The following pathogens were considered multidrug-resistant organisms (MDROs): carbapenem-resistant or extended-spectrum β-lactamase–producing Enterobacteriales, carbapenem-resistant Pseudomonas aeruginosa, carbapenem-resistant A. baumannii, methicillin-resistant Staphylococcus aureus, and vancomycin-resistant Enterococcus spp.^{Reference Magiorakos, Srinivasan and Carey12}

Data analysis

We calculated the infection rates using as the numerator the number of infections associated with LT-CVC aggregated or split by type of infection (BSI, local complicated infection, and exit site infection) and type of CVC. The denominators were the number of CVC days of use (aggregate or split by type of CVC) multiplied by 1,000.

We compared the infections based on the type of catheter used dividing them into 3 groups: PICC, semi-implantable, and totally implantable catheters. For this analysis, we used χ² for dichotomous variables and Kruskal-Wallis for continuous variables.

We also evaluated the factors that were associated with bloodstream infection rates using the aggregate rate of LT-CVC BSI during the study period as the outcome variable. Univariate and multivariate analyses were performed using Poisson regression. The criteria for including variables in the multivariate initial model was P < .10. Variables that reduced the −2 log-likelihood value or showed a value of P < .05 were retained in the final model.

Results

Characteristics of the chemotherapy clinics

All 8 clinics were located within hospitals, of which 3 were in hospitals completely dedicated to cancer care. Also, 3 hospitals were publicly funded, 1 was nonprofit private, and 4 were private for profit. Their median number of seats and/or beds for outpatient chemotherapy was 22 (range, 17–75), and they performed a median of 925 (range, 150–5,855) chemotherapy sessions per month. All hospitals reported that >50% of patients receiving outpatient chemotherapy had a LT-CVC. The median number of hours of healthcare workers dedicated to infection control in these hospitals was 146 hours per week for nurses and 32 hours per week for physicians (Table 1). Also, 4 (50%) clinics already did some kind of surveillance for LT-CVC infections in outpatients, and 3 clinics already used CVC day of use as the denominator.
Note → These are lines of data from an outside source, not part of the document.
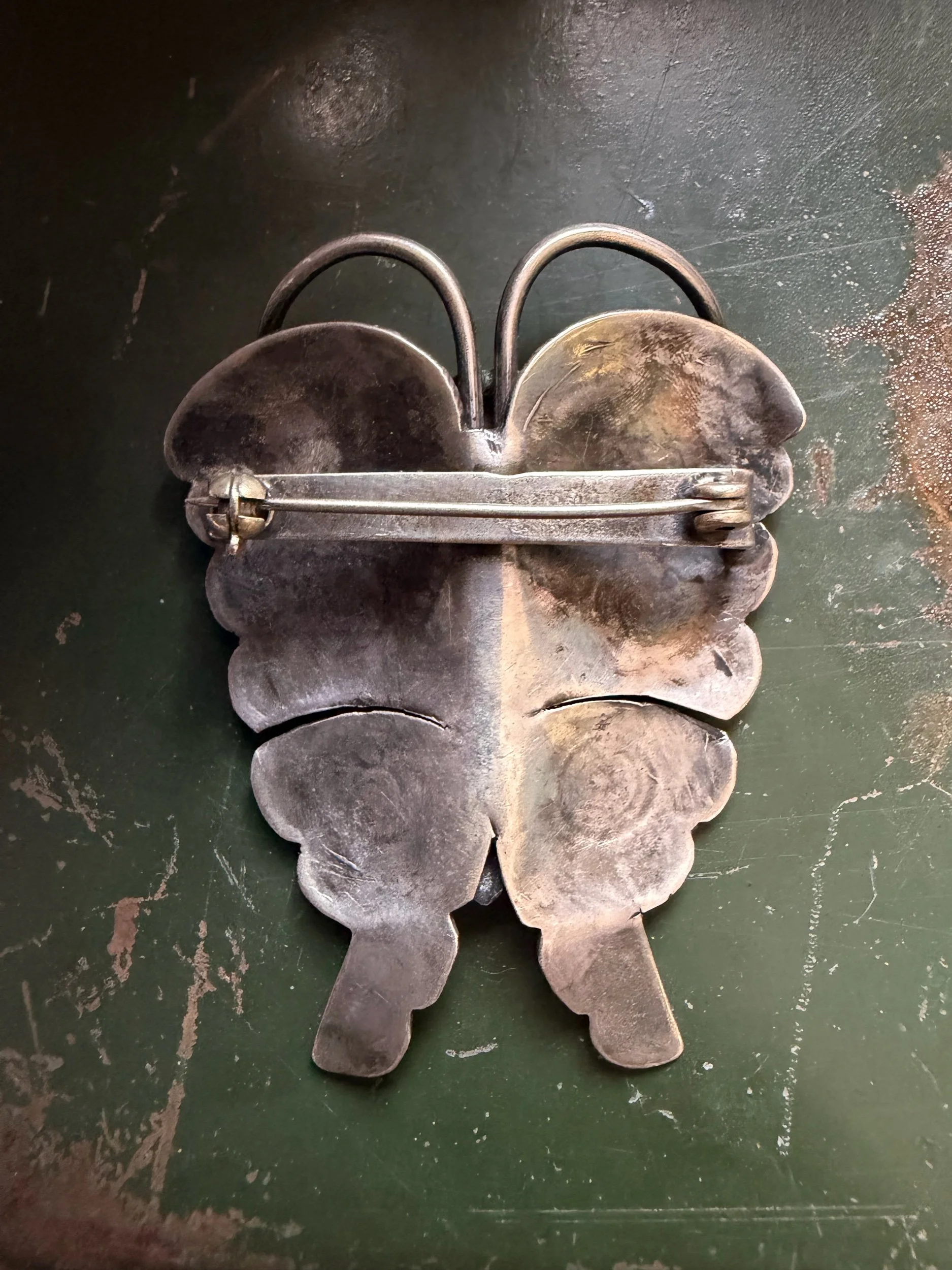 Vintage Accessories › 1940s Large Native American Butterfly Pin Image 1 of 3 Image 2 of 3 Image 3 of 3 1940s Large Native American Butterfly Pin $165.00 Sterling SilverMeasures 2” x 1 1/2”Weighs 12 Grams Add To Cart Added! Sterling SilverMeasures 2” x 1 1/2”Weighs 12 Grams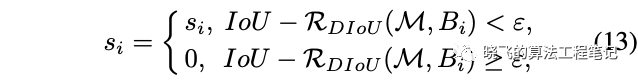 其中 是分类置信度, 为NMS阈值, 为最高置信度的框。DIoU-NMS倾向于中心点距离较远的box存在不同的对象,而且仅需改几行代码,DIoU-NMS就能够很简单地集成到目标检测算法中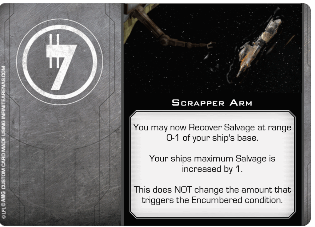 | Ensnare | 17 | At the end of the Activation Phase, if you are tractored, you may choose 1 ship in your turret arc at range 0-1. Transfer 1 tractor token to it. | |

Table 1. Characteristics of Cancer Services and Rates of Infection Among 8 Hospitals That Participated in Long-Term Central Venous Catheter Infection Surveillance

Infections

Over the 26-month study period, 107 infections were reported: 2 exit-site infections; 2 local complicated infections; and 102 LT-BSIs. Among all BSIs, 77 (76%) were associated with totally implantable CVCs, and 49 patients (48%) had hematological malignancies. The median length of time between infection and the last LT-CVC manipulation was 4 days (range, 0–66 days), and the median length of time between infection and LT-CVC implantation was 116 days (range, 8–2,192 days). (Table 2)

Table 2. Characteristics of the Infections Associated With Long-Term Catheter Separated By Type of Catheter in Outpatient Chemotherapy Clinics

Note. PICC, peripheral inserted central venous catheter; NA, not applicable; LT-CVC, long-term central venous catheter; LT-CVC BSI, bloodstream infections associated with LT-CVC; MDRO, multidrug-resistant microorganism; MBI-BSI, mucosal barrier injury laboratory confirmed bloodstream infection.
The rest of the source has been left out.